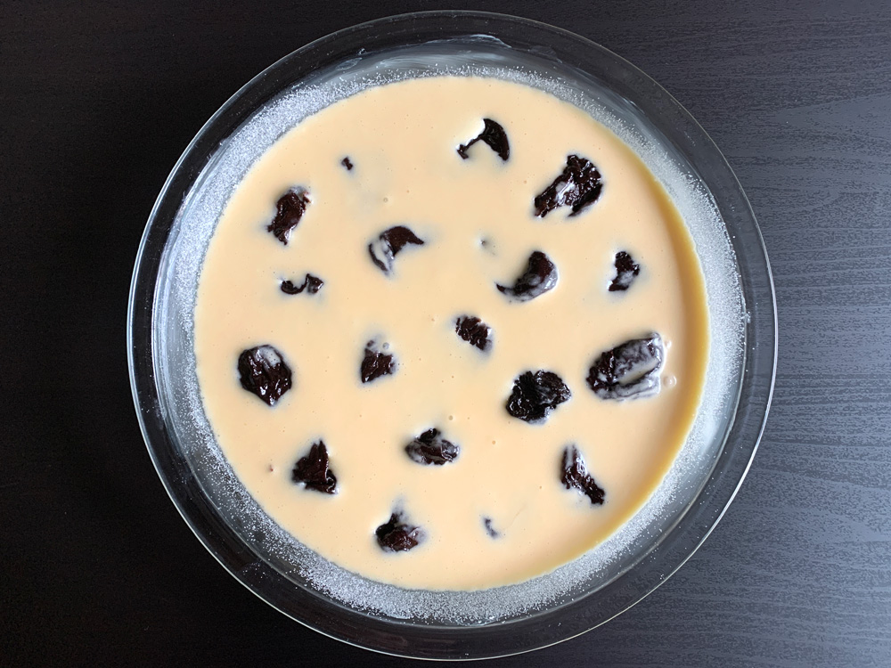 ‘Clafoutis’ is a simple French dessert and it is really quick and easy to make. Traditionally Clafoutis is made with Cherries, but I use a variety of Fruit. Ripe Pears, Peaches and Berries are perfect. Today I made this Prune version, because I wanted to make a dessert using Dried Prunes. It was absolutely delicious.
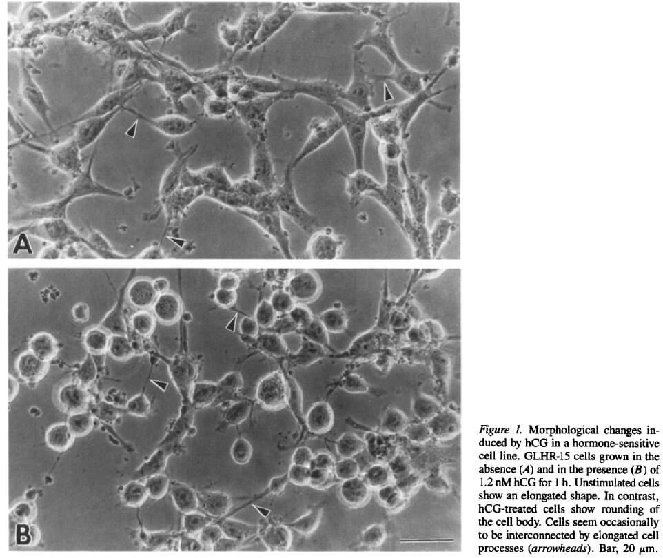 產品介紹: 永生化大鼠類固醇顆粒細胞穩定表達LH / CG受體(GLHR-15)Immortalized Rat Steroidogenic Granulosa Cells stably expressing LH/CG Receptor (GLHR-15) Lutropin / choriogonadotropin(LH / CG)受體是在卵巢顆粒和睾丸之睾丸細胞中獨特表達的受體,在卵子發生,精子發生和類固醇激素產生的調節中起著重要作用。不幸的是,LH / CG受體表達通常在原代細胞的體外培養後1-2天內丟失。穩定表達LH / CG受體的永生化大鼠類固醇顆粒細胞,對黃體生成激素(LH)或絨毛膜促性腺激素(hCG)刺激有反應,結果產生孕激素和20α-OH-P,其水平與原代細胞相當。該細胞株可用於研究與促性腺激素刺激的類固醇生成相關的分子機制。研究人員可以與表達FSH受體的永生化大鼠類固醇顆粒細胞(貨號T0605)一起,比較同源細胞系統中LH和FSH信號傳導。
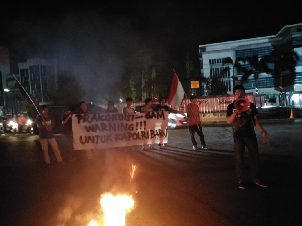 Makassar.tv, Puluhan mahasiswa yang tergabung dalam Gerakan Aktivis Mahasiswa (GAM) melakukan aksi prakondisi dengan membentangkan spanduk yang bertuliskan “Warning Untuk Kapolri Baru”.
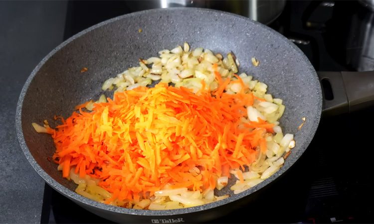 Разогрейте сковороду с растительным маслом. Обжарьте лук до полупрозрачности, затем добавьте морковь и обжарьте еще пару минут до мягкости. Добавьте свеклу, перемешайте, добавьте томатную пасту и натертые огурцы. Перемешайте все и протушите под крышкой на среднем огне около 7 минут.
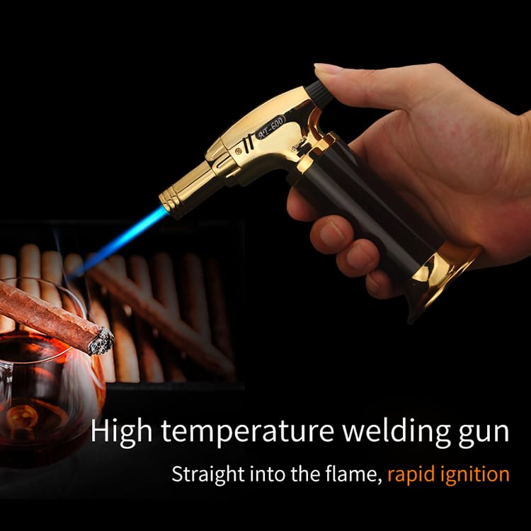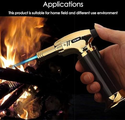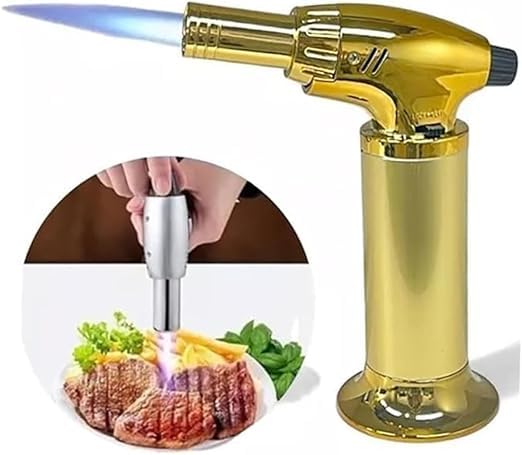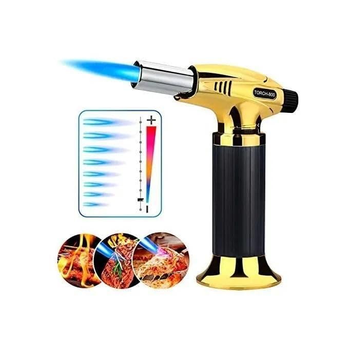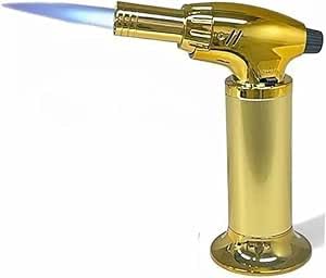 Generic - Professional Butane Torch, Kitchen Culinary Blow Torch with Safety Lock, Adjustable Flame Control, Metal and ABS Construction, for Cooking, BBQ, Crafting (Gold)
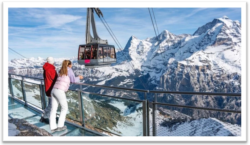 Envolez-vous vers les sommets à bord du téléphérique du Schilthorn, pour une ascension spectaculaire au-dessus des vallées suisses.
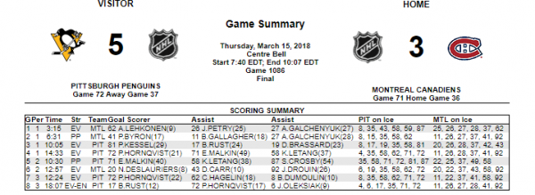 Les joueurs adverses étaient donc très raplapla en début de match, et le CH en a profité en marquant deux buts grâce à Lehkonen et Byron. Néanmoins, les Pens se sont repris alors que les filets de Phil Kessel et Patric Hornqvist ont ramené les deux formations à la case départ.
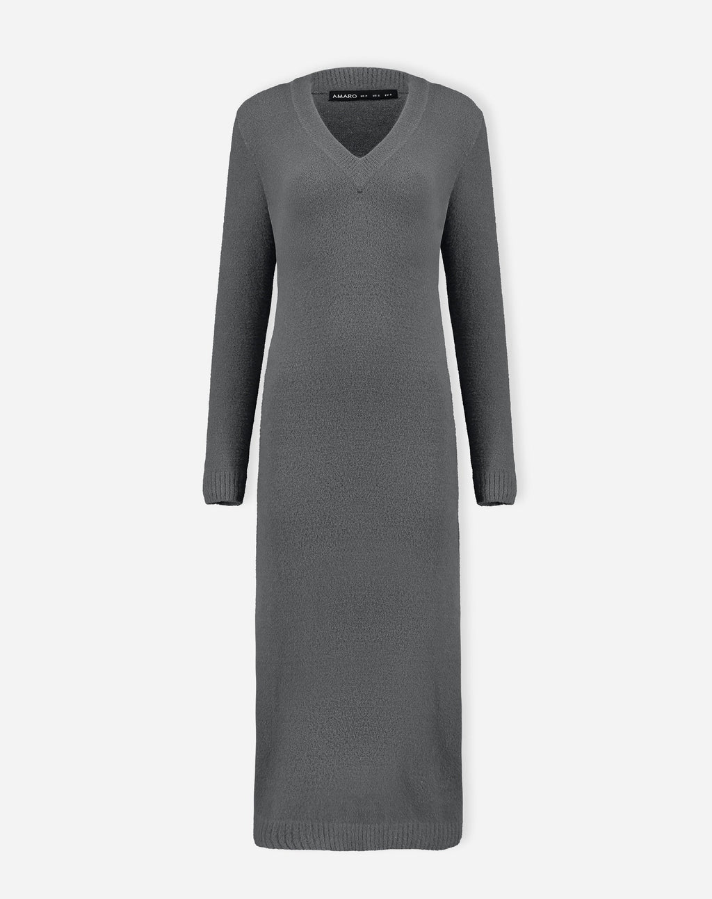VESTIDO MÍDI TRICOT MANGA LONGA - CHUMBO
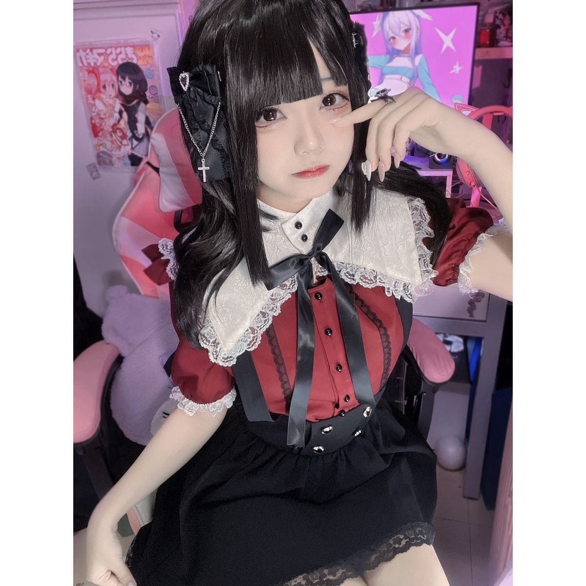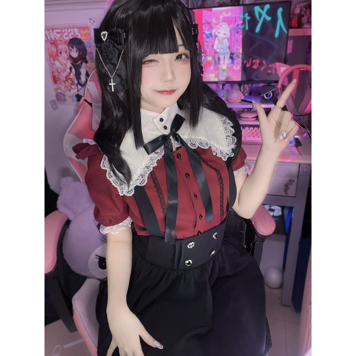 地雷系ハートボタンレースジャンスカ
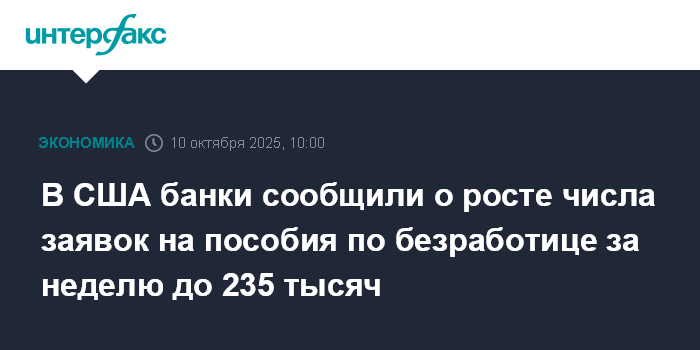 Москва. 10 октября. INTERFAX.RU - Количество американцев, впервые обратившихся за пособием по безработице, на прошлой неделе выросло до 235 тысяч с 224 тысяч неделей ранее, по оценке банков JPMorgan и Goldman Sachs.
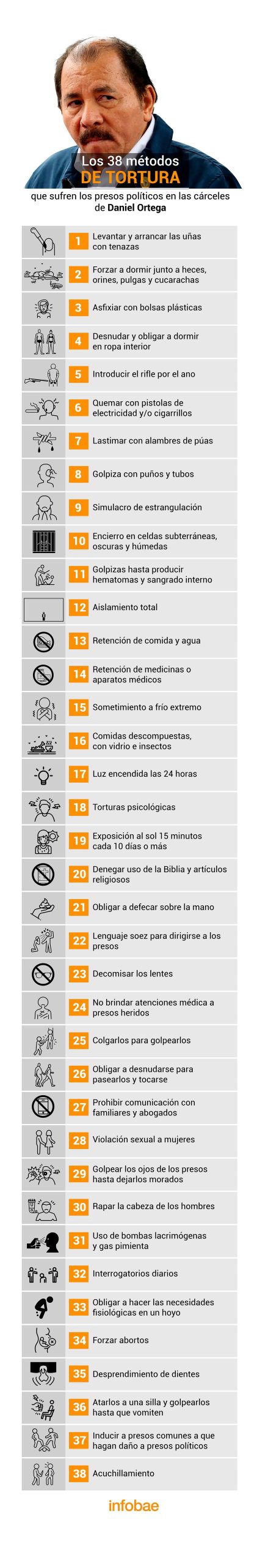 Los 38 métodos de tortura que utiliza el régimen de Ortega contra los presos políticos
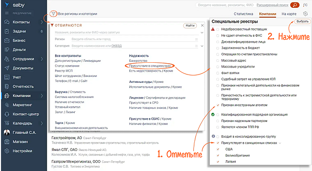 и выберите «Присутствие в спецреестрах». Отметьте флагом пункт «Признан иностранным агентом» или «Присутствует в санкционных списках».
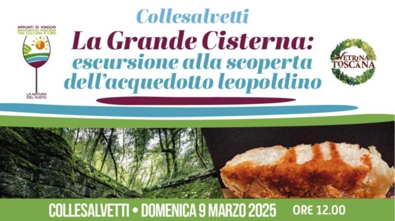 Domenica 9 marzo tour nella magia delle sorgenti del settecentesco Acquedotto Leopoldino che da Colognole (frazione di Collesalvetti) si snodava fino a portare l’acqua a Livorno. Il tour, immerso in un ambiente naturalistico di suggestiva bellezza ci porterà alla conoscenza di come funzionava, ed in parte funziona ancora, il sistema di raccolta delle acque potabili che dalle colline dell’entroterra arrivava fin nel cuore della città. Un evento che punta a valorizzare questo prezioso cuore verde e blu del comune di Collesalvetti e che a sorpresa inizierà prima con una degustazione di uno dei piatti di carne più tipici di Livorno, “la francesina”, ma in versione street food ovvero dentro il classico pane “a rosetta” accompagnata da vino o acqua, per consentirvi una passeggiata con più energia. L’evento è promosso da Confesercenti Provinciale di Livorno nel programma Vetrina Toscana con il contributo di Regione Toscana e Camera di Commercio della Maremma e del Tirreno e con il Patrocinio del Comune di Collesalvetti.
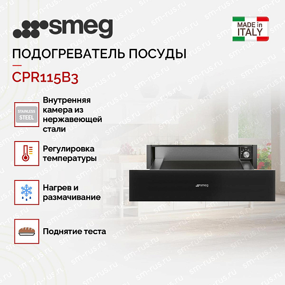 Подогреватель посуды Smeg CPR115B3 из коллекции Linea выполнен в черном цвете. Модель предназначен для разогрева посуды и пищи, а также поддержки блюд в теплом состоянии.
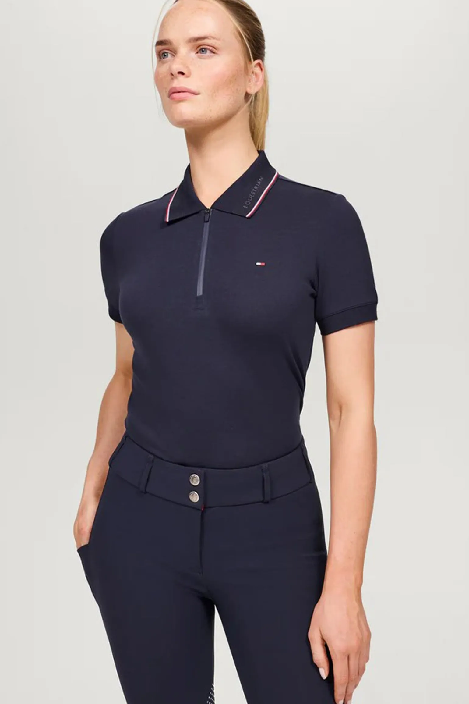 Entfalte deinen sportlichen Spirit mit dem Damen-Polo aus Baumwollpiqué – mit technischer Oberfläche und Stretch für unvergleichlichen Komfort. Ein praktischer Reißverschluss sorgt für einfaches An- und Ausziehen, und die Kombination aus klassischem Polo-Look und sportlich-technischem Material macht das schmal geschnittene Polo zum perfekten Mix aus Stil und Funktion. Zeig, was in dir steckt – im Sattel und darüber hinaus!
************
→ ACTIVITY
Give again the stretch of lines above from the one with "Москва. 10 октября." through the one with "Отметьте флагом пункт", both ends kept, and copy no pictures.

→ REPLY TO THE TASK
 Москва. 10 октября. INTERFAX.RU - Количество американцев, впервые обратившихся за пособием по безработице, на прошлой неделе выросло до 235 тысяч с 224 тысяч неделей ранее, по оценке банков JPMorgan и Goldman Sachs.
 Los 38 métodos de tortura que utiliza el régimen de Ortega contra los presos políticos
 и выберите «Присутствие в спецреестрах». Отметьте флагом пункт «Признан иностранным агентом» или «Присутствует в санкционных списках».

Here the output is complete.